From 1942 to 1944, Oskar Gröning counted money taken from the luggage of murdered Jews and sent it back to SS headquarters in Berlin. He also stood guard as the transports of human beings entered the camp.

That much has long been known, not least because he himself described his experiences to the media, but it has taken a new investigation, carried out by Germany’s central office for the investigation of Nazi crimes in Ludwigsburg, for charges to be brought against him. In February this year, the office searched the homes of several former members of the SS across Germany. Of these, Gröning is the only one to have been pronounced fit enough to stand trial.

For what state prosecutors called “legal and evidence reasons”, Gröning’s formal charges relate only to two months of his time at the camp – 16 May to 11 July 1944, the time of the so-called Hungary Operation, when “around 425,000 people from Hungary arrived at the camp in Auschwitz-Birkenau”, of whom “at least 300,000 found their deaths in the gas chambers”. Gröning has therefore been charged with 300,000 counts of accessory to murder.

Gröning caught public attention in 2005 when he appeared in the BBC documentary Auschwitz: The Nazis and the ‘Final Solution’, in which he described how being confronted by Holocaust deniers had led to him to speak out. “I see it as my task now, at my age, to face up to these things that I experienced, and to oppose the Holocaust deniers who claim that Auschwitz never happened,” he said. “I saw the crematoria, I saw the burning pits.”

But Gröning also denied his culpability, telling Der Spiegel magazine in the same year: “Accomplice would almost be too much for me. I would describe my role as a small cog in the gears. If you can describe that as guilt, then I am guilty, but not voluntarily. Legally speaking, I am innocent.”

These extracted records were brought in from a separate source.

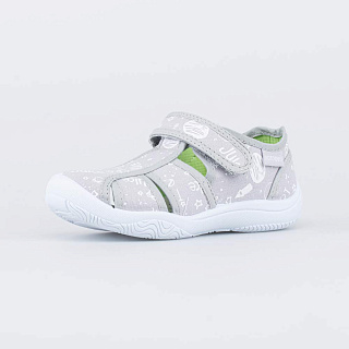 Текстильные туфли для мальчика на хлопковой подкладке Верх изделия полностью выполнен из текстиля. Подкладка и стелька с содержанием хлопка не менее 50% приятные на ощупь и позволяют ножке \'дышать\'. Верх обуви открытый. В ней комфортно не только на улице, но и в помещениях. Липучки-велькро дают возможность быстро обуваться и разуваться. Подошва выполнена из ПВХ (поливинилхлорида) - гибкого, амортизирующего и износостойкого материала. Обувь декорирована принтом. Не содержит элементов, которые ребенок может оторвать и проглотить. Модель анатомически правильная: имеет небольшую приподнятость задней части по отношению к носочной, подсводник (супинатор), в меру жёсткий задник и круглый носок. Это положительно влияет на правильное развитие стоп и всего опорно-двигательного аппарата.
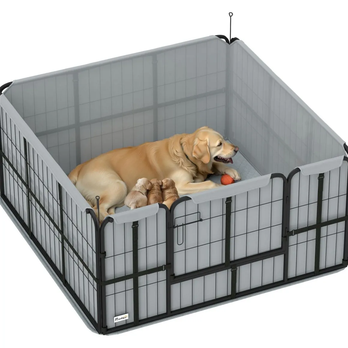 – Le tissu Oxford 600D du parc de mise bas pour chien offre une protection contre le vent et inclut un tapis de propreté lavable
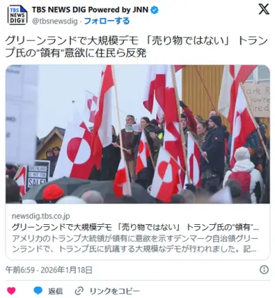 【国際】グリーンランドで大規模デモ 「売り物ではない」 トランプ氏の“領有”意欲に住民ら反発
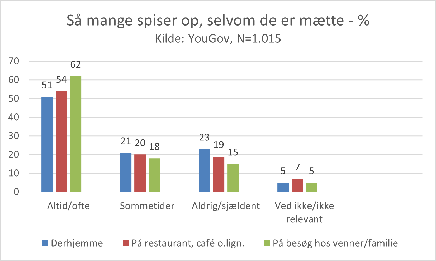 Når vi sætter os til bords, ender det ofte med, at vi spiser op, selvom vi er mætte. Hele 51 pct. spiser altid eller ofte op, selvom vi er mætte. Tallet er lidt højere (54 pct.), når vi er på restaurant og endnu højere (62 pct.), når vi er på besøg hos venner og familie. Dertil kommer, at omkring 20 pct. sommetider gør det. Det viser en YouGov-undersøgelse, som er lavet for Coop Analyse og forebyggelsesindsatsen Ja tak, lidt mindre.
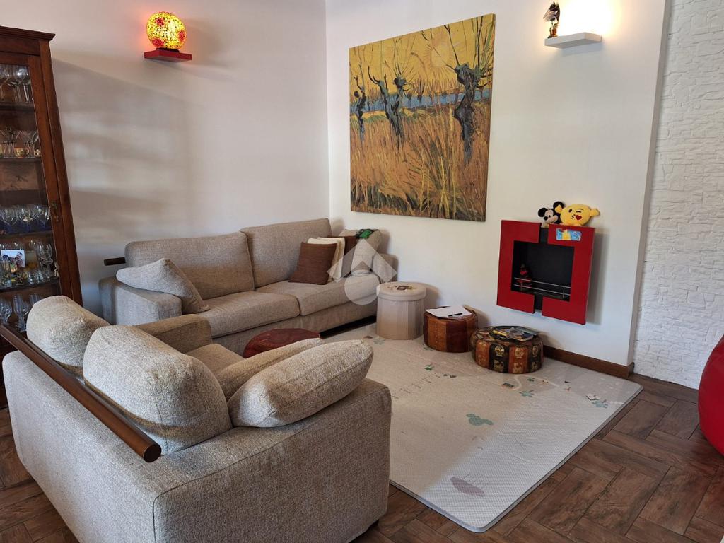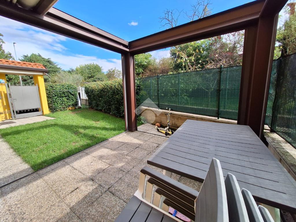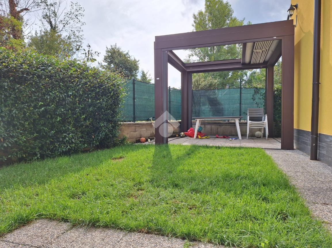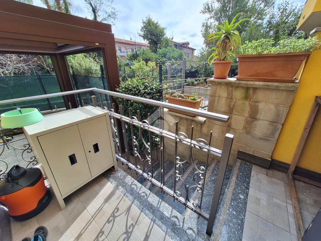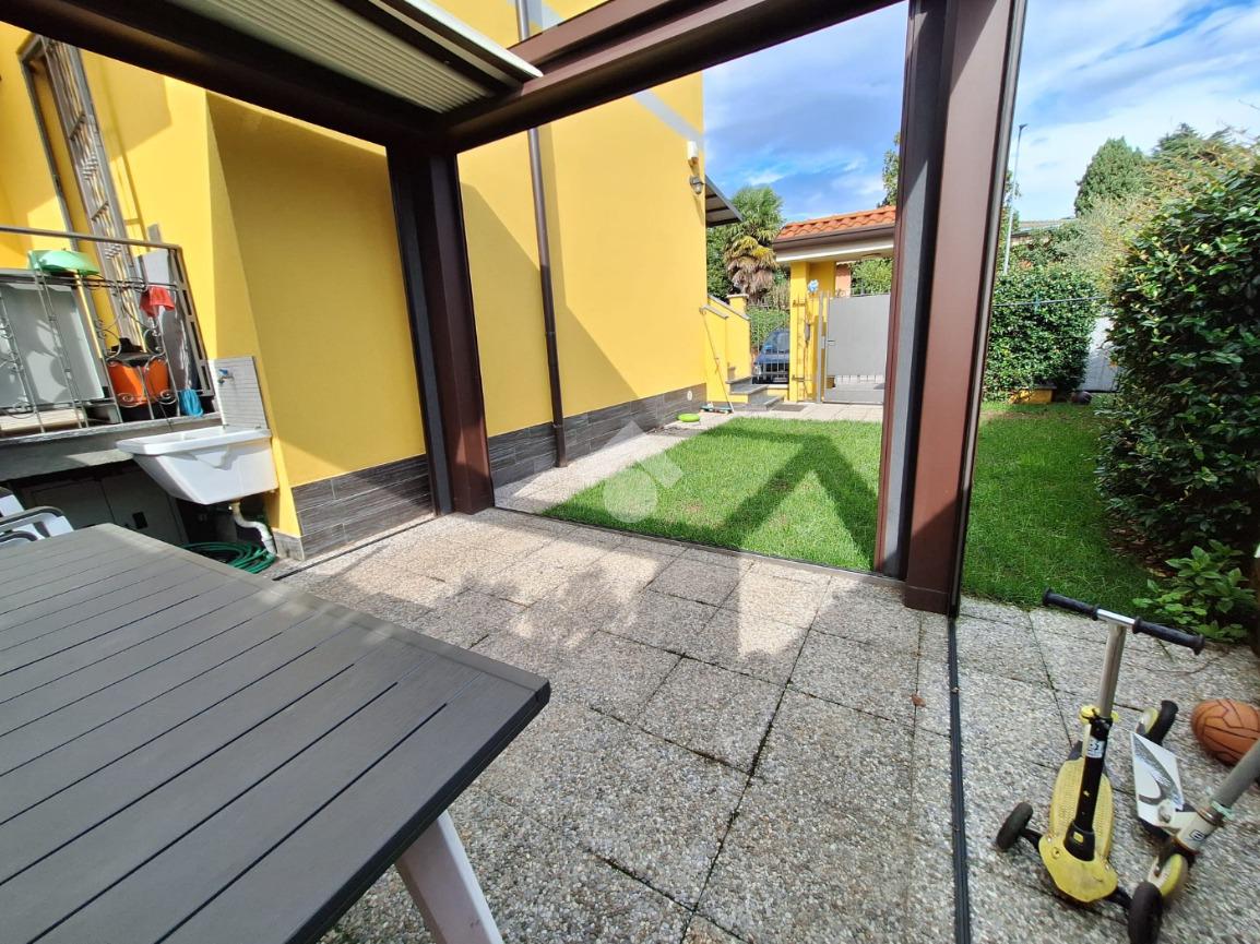 Posto al piano terreno, l'ingresso è in un comodo disimpegno che precede la zona giorno composta da un comodo salotto e dalla cucina abitabile. Da entrambi gli ambienti si accede al giardino di proprietà estremamente riservato e tranquillo.

State prosecutors disagree – but only now. Despite high-profile trials in Nuremberg just after the war, and Frankfurt in 1964, the German judiciary has been notoriously sluggish about punishing those directly involved in the Holocaust. A previous case against Gröning himself was dropped for lack of evidence by Frankfurt prosecutors in 1985. The historian Andreas Eichmüller once calculated that of the 6,500 SS members who worked at Auschwitz and survived the war, only 49 had ever been convicted.

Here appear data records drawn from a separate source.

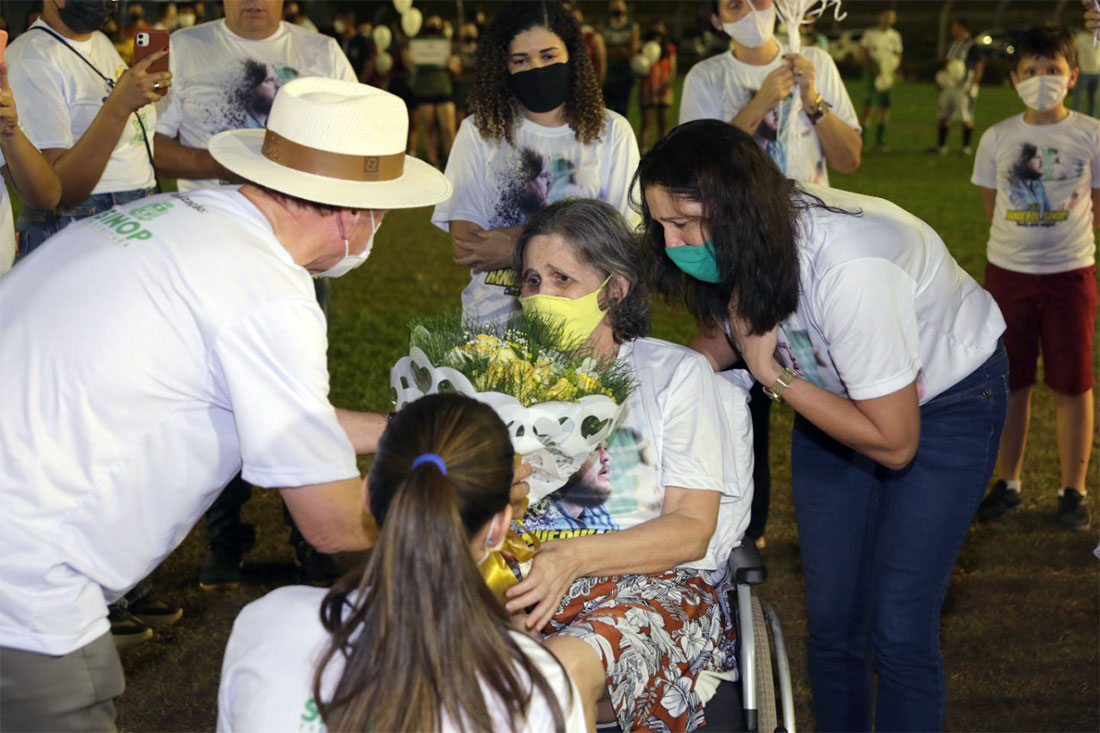 A solenidade de abertura do aniversário de Sinop e dos 29º jogos olímpicos, ontem à noite, foi marcada também por uma emocionante homenagem para as 437 vítimas do Coronavírus. Balões brancos foram soltos pelos participantes da competição. Para representar as famílias e amigos que perderam pessoas queridas em decorrência à doença, a família do desportista Luiz Carlos Simon, o Chucky. Um vídeo, resumindo a trajetória dele, foi reproduzido. Em seguida, a mãe de Chucky e familiares receberam flores, entregues pelo prefeito Roberto Dorner e, pela primeira-dama, Scheila Pedroso. No final, soltaram os balões, ao som de conquistando o impossível, da cantora Jamilly, emocionando a todos.
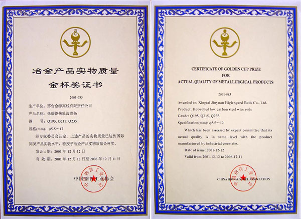 低碳鋼熱軋圓盤(pán)條Q195,Q215,Q235獲冶金產(chǎn)品實(shí)物質(zhì)量金杯獎(jiǎng)
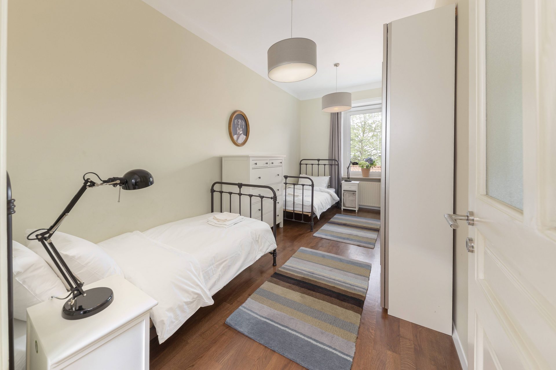 "The accommodation is superb. The rooms are big and very clean. The bedroom with two beds is also suitable for adults. I am 170 cm tall and the bed was good for me. The other bedroom has a very large bed and a high French type. The living room with the kitchen is large and spacious. Everything is available although we didn't have to use almost anything from the kitchen. The bathroom has a bathtub with a shower and a toilet. Separately, there is another wc. Shampoo, conditioner, soap, extra toilet paper were left. There is also a hairdryer. There was also an umbrella for use. Everything we needed was in the accommodation. It was quiet. The apartment is very clean and tidy. The furniture is clean." (5 out of 5 )
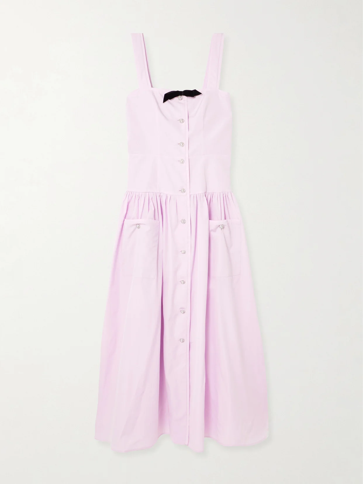 EXCLUSIVE AT NET-A-PORTER. Crystal-encrusted buttons bring a hint of sparkle to Alessandra Rich's dress. Made from cotton-poplin, it's detailed with a velvet bow at the neckline and gathered along the waist to create volume through the skirt. We love that it has pockets, too - pop your lipstick in one so you're always photo-ready. Large to size. See Size & Fit notes.
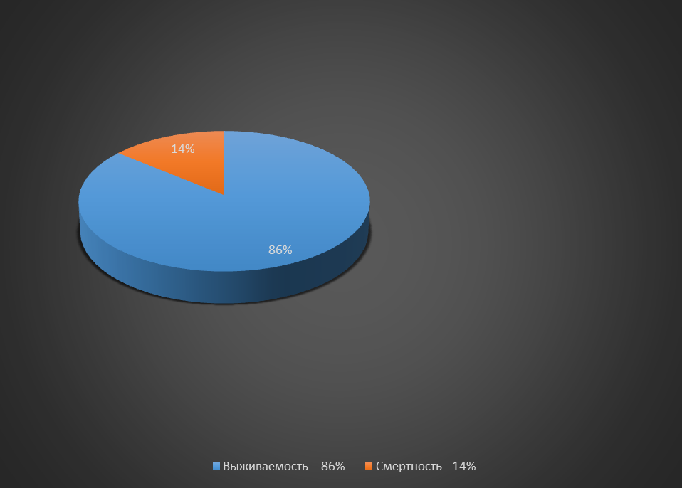 Рис.5. Соотношение выживших и погибших. Вывод: По полученным данным благополучное перенесение операции на позвоночник в 6 раз превышает

Jörg Friedrich, a historian and author of Acquittal for Nazi Justice: The Sentencing of National Socialist Judges since 1948, challenges the view that the German judiciary dragged its heels. “There were hundreds of thousands of investigations, kilometres of investigation documents,” he told the Guardian. “I don’t know of any state that did the same … A compromise had to be drawn between assimilation and prosecution, and I think Germany was a success in both cases.”

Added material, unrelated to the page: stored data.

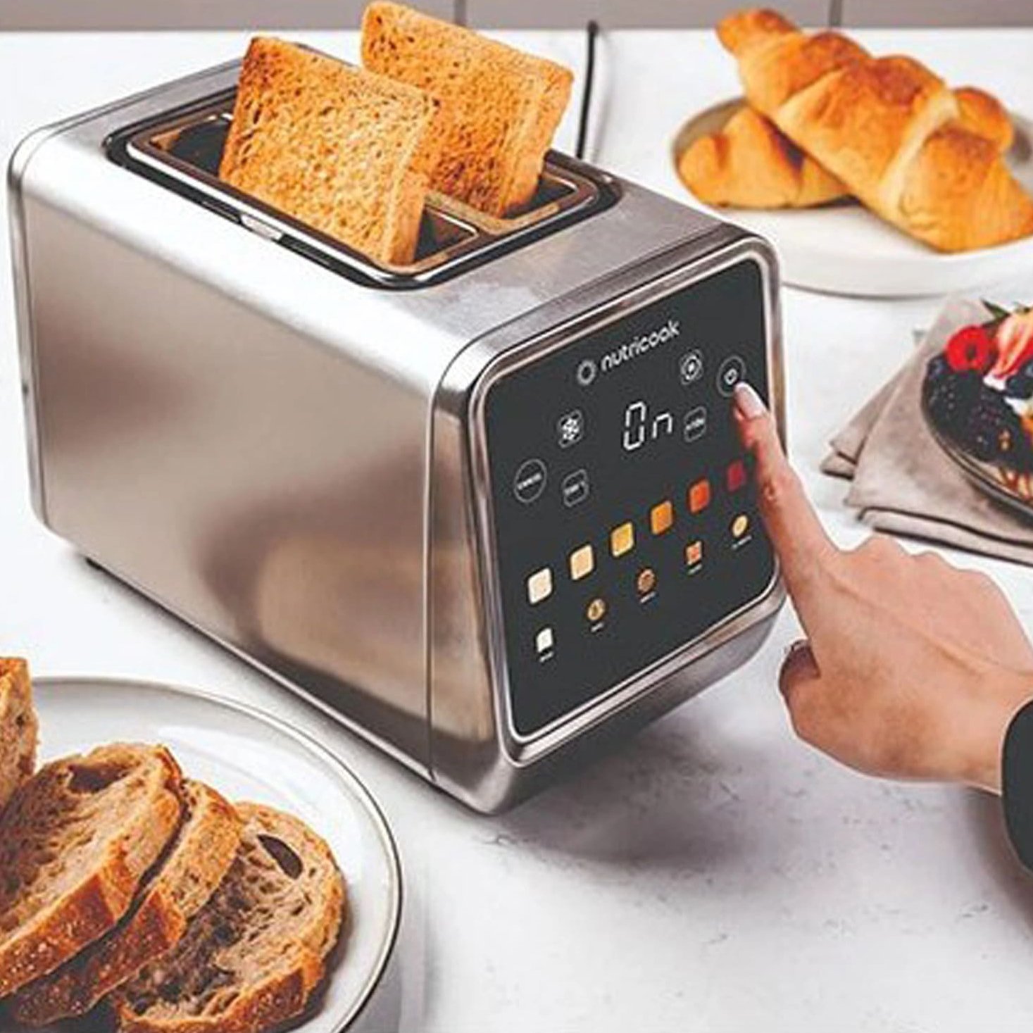 توستر نوتریکوک NC-TS201 با 2 درگاه، توان 850w و نمایشگر LED دارای 3 عملکرد برشته کردن، گرم کردن مجدد و یخ زدایی و 5 برنامه باگل، شیرینی، مافین، نان و وافل است.
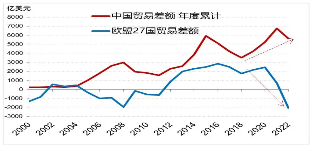 作为全球门类最全的制造业强国,“中国制造”将替代欧洲日韩在全球竞争中占有一席之地——2022年来中国贸易顺差和欧盟贸易逆差形成较大反差(下图)。
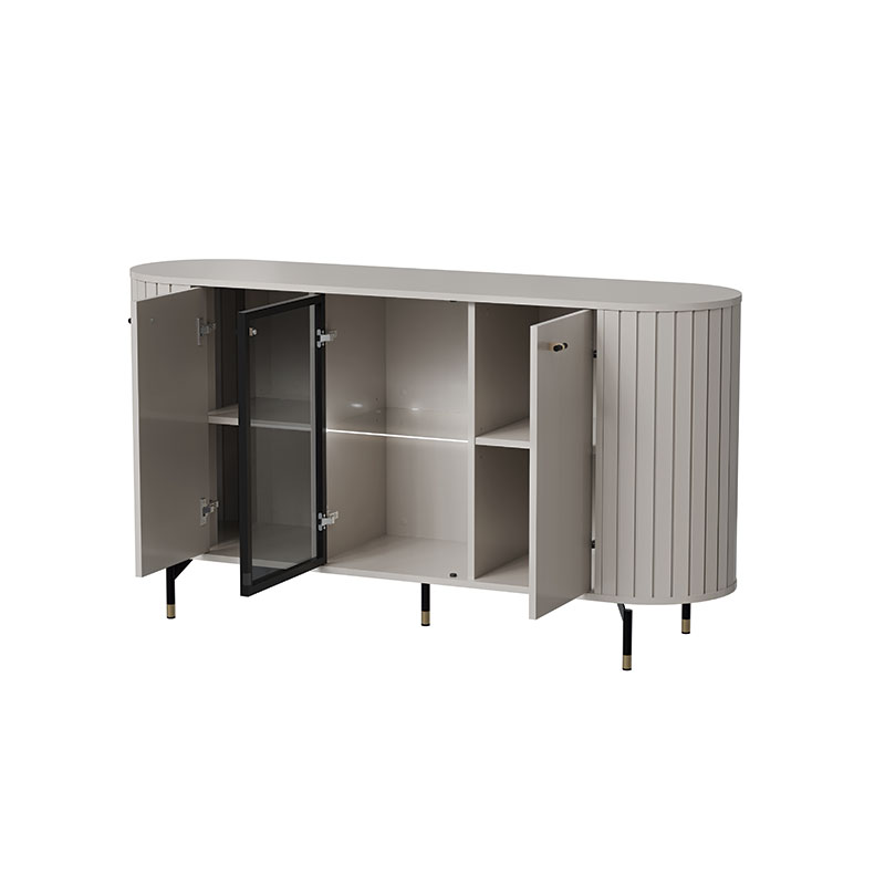 Aparador com 3 portas: a central em vidro, que confere um toque de leveza e modernidade, e duas portas adicionais em um acabamento elegante que complementa o visual. Os pés metálicos em preto trazem uma base robusta e estável, enquanto o detalhe em dourado acrescenta um toque de requinte e sofisticação.
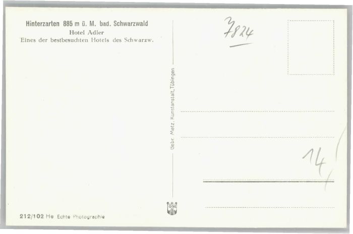 40728992 Hinterzarten Breisgau-Hochschwarzwald BW Hotel Adler postalisch nicht gelaufen Alte Ansichtskarte Postkarte Katcode 11110008315052

The legal difficulty is in defining individual guilt; attempts to convict other SS members have failed in the past because they could not be linked to specific murders. Ingo Müller, law professor and author of Terrible Lawyers: the Past Our Judiciary Has Not Overcome, thinks this is a historical failure. “Just participating in the Holocaust doesn’t count,” he told the Guardian.

But Müller thinks that it is long past time that a German court recognised the Holocaust itself as a crime. “If two or three more people were to be convicted – they don’t actually have to go to prison, they can stay in their old people’s homes – it would have a symbolic effect,” said Müller.

“We can’t just let it stand that the German judiciary says participating in the Holocaust is not a crime. But I’m very sceptical that there will ever be another conviction.”